5. The Company’s Conditions to Closing. The Company’s obligations herein are subject to the satisfaction, at or prior to the Closing Date, of the following conditions:
(a) Representations and Warranties True; Performance of Obligations. The representations and warranties made by Xencor in Section 3 hereof shall be true and correct in all material respects as of the Closing Date with the same force and effect as if they had been made as of the Closing Date, and Xencor shall have performed all obligations and conditions herein required to be performed or observed by it on or prior to the Initial Closing.
(b) License Agreement. The License Agreement shall be executed on the date of this Agreement.
6. Limitations on Transfer.
(a) Xencor agrees that it shall not assign, hypothecate, donate, encumber or otherwise dispose of any interest in the Shares except in compliance with the provisions herein and applicable securities laws.

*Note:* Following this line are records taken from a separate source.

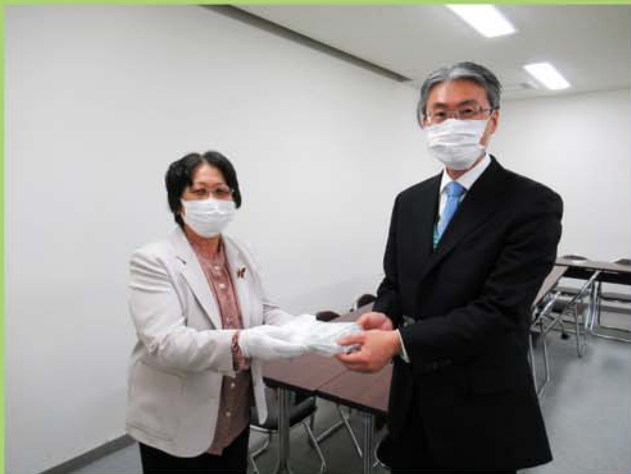
教育委員会へ納品
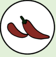
พริกชี้หนู
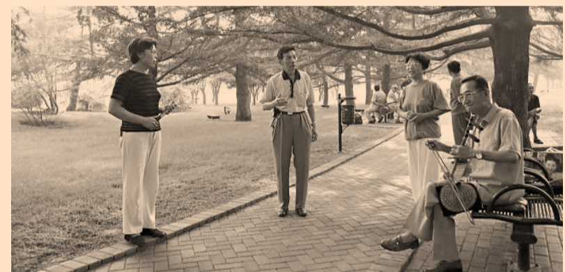
▲ 淄博是一座和諧宜居的城市

「法治淄博」建設重點是，着力提高公民法律素質，在全社會形成自覺學法用法守法的濃厚氛圍；着力提高依法執政水平，努力建設人民滿意的服務型政府；着力提高司法公信力，維護司法權威和社會公平正義；着力提高基層民主法治建設水平，築牢「法治淄博」建設的基礎；着力提高地方立法水平，逐步形成與國家法律體系相配套、與「法治淄博」建設相適應、富有淄博特色的較為健全的地方法規和規章體系。
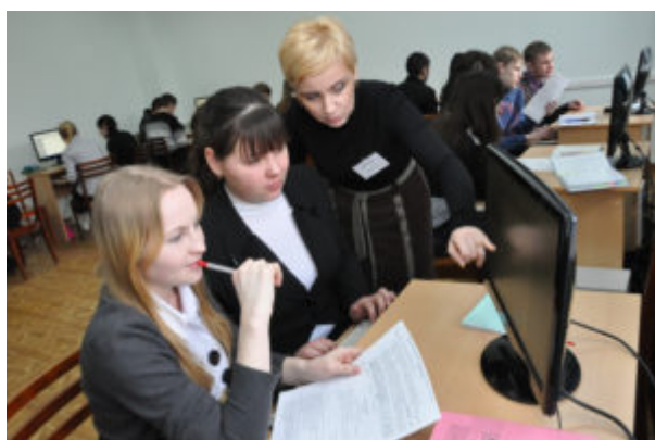
Кабинет компьютерных технологий
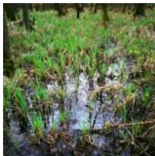
Sumpf (Eller Forst)
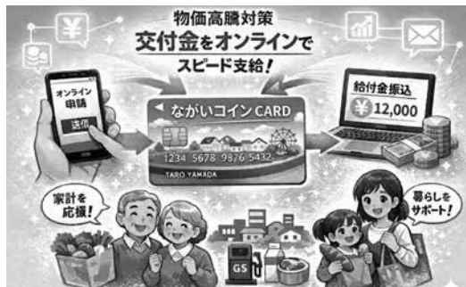
オンライン交付 (イメージ)
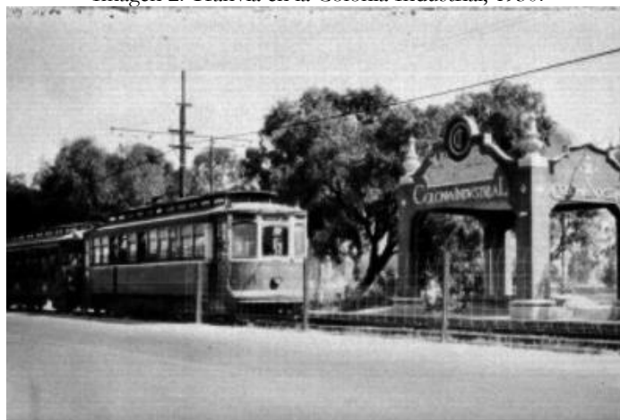
Imagen 2. Tranvía en la Colonia Industrial, 1930.
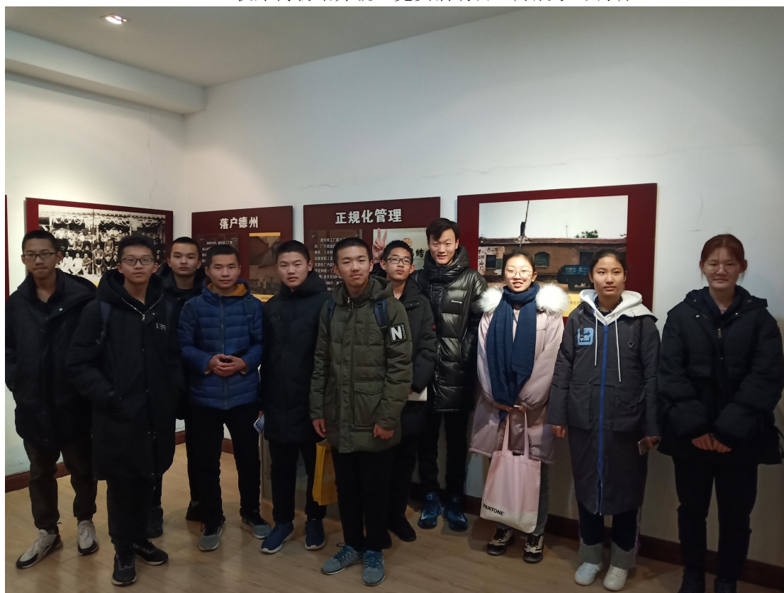
积极开展中学生社会实践活动
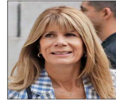
Ximena Rincón, ministra de Energía.
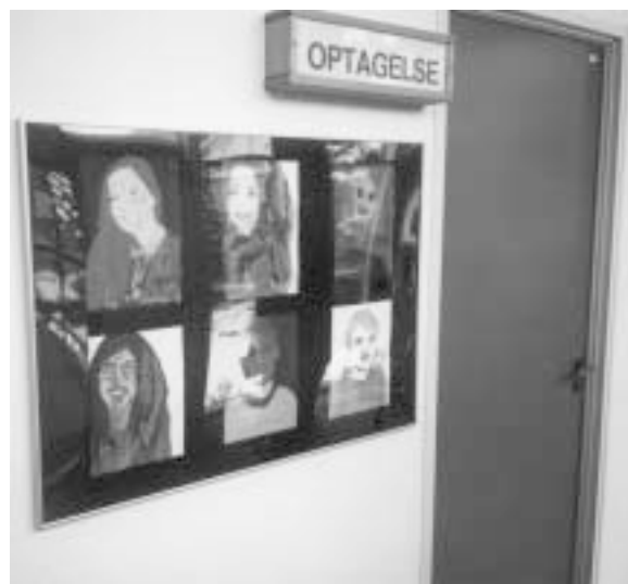
Et af studierne
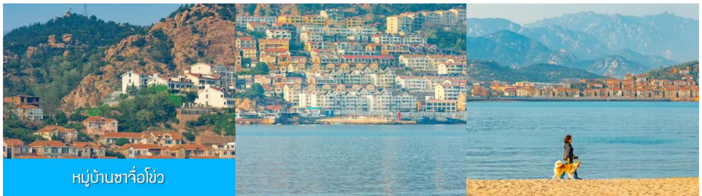
หมู่บ้านซาจื่อโข่ว
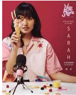
Gambar 4. 3 Karakter Sarah
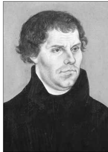
Мартин Лютер. Портрет работы Лукаса Кранаха Старшего 1526

дён, что человек никогда не должен бежать, потому что чума — это Божий суд за грехи, и христиане должны смиренно принимать Его волю в покаянии. Хотя Лютер и считал такие взгляды достойными похвалы, он признал, что не все
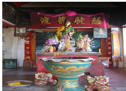
ภาพที่ 4 ศาลเจ้าอาเนี้ยวหรือศาลเจ้าแม่กวนอิม
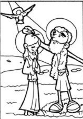
1. Bautismo de Jesús en el río Jordán
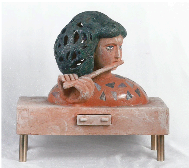
“Čarobna frula I”, 1992., terakota

Kakva je ova skulptura, možemo li ovdje govoriti o ritmu?
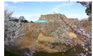
展望施設が整備される郡山城天守台
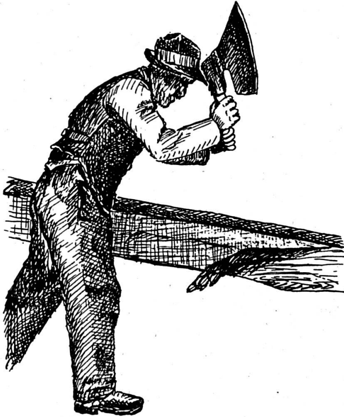
In tagliaenna dat culla sigir lada, Rueun (desegn: Luis Maissen).

stuein nus mo persecuitar las lutgas davart il marcau da Cuera encunter ils cussegls grischuns per il liber traffic e commerci. A Cuera existeva dapi 1465 ina uniun mistergnera. La constituziun helvetica de 1798 vul dismetter tut la tradiziun, e pretga il liber traffic e commerci per l'entira Svizzeria. A Cuera resistan las uniuns vinavon aunc varga 50 onns encunter tutta influenza liberalisonta. Mo la fin finala declaran las regenzas la libertad absoluta de mistregn, trafic e commerci. 1850 vegn la davosa emprova da vart las organisaziuns mistergneras fatga de puspei respectar las instituziuns veglias, denton senza success! Oz, suenter 90 onns, emprovan ins aunc adina de puspei dar normas al mistregn. Era il complet liberalissem ha buca purtau il salit perpeten. Ins vesa ch'igl ei prudent de schar enqual crap dil vegl baghetg per construir il niev.
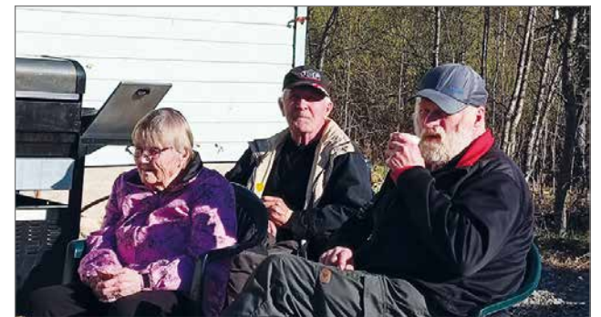
Perheiltään osallistui myös varttuneempaa väkeä.

yhteistyössä lasten ja perheiden parissa työtä tekevien tahojen kanssa. Projektin koordinoijana toimii seurakunta.

Furthermore, the Shares shall be subject to any right of first refusal in favor of the Company or its assignees that may be contained in the Company’s Bylaws as of the Execution Date. Xencor acknowledges that it may be required to hold the Shares acquired hereunder indefinitely. During the period of time during which Xencor holds the Shares, the value of the Common Stock may increase or decrease, and any risk associated with such Common Stock and such fluctuation in value shall be borne by Xencor.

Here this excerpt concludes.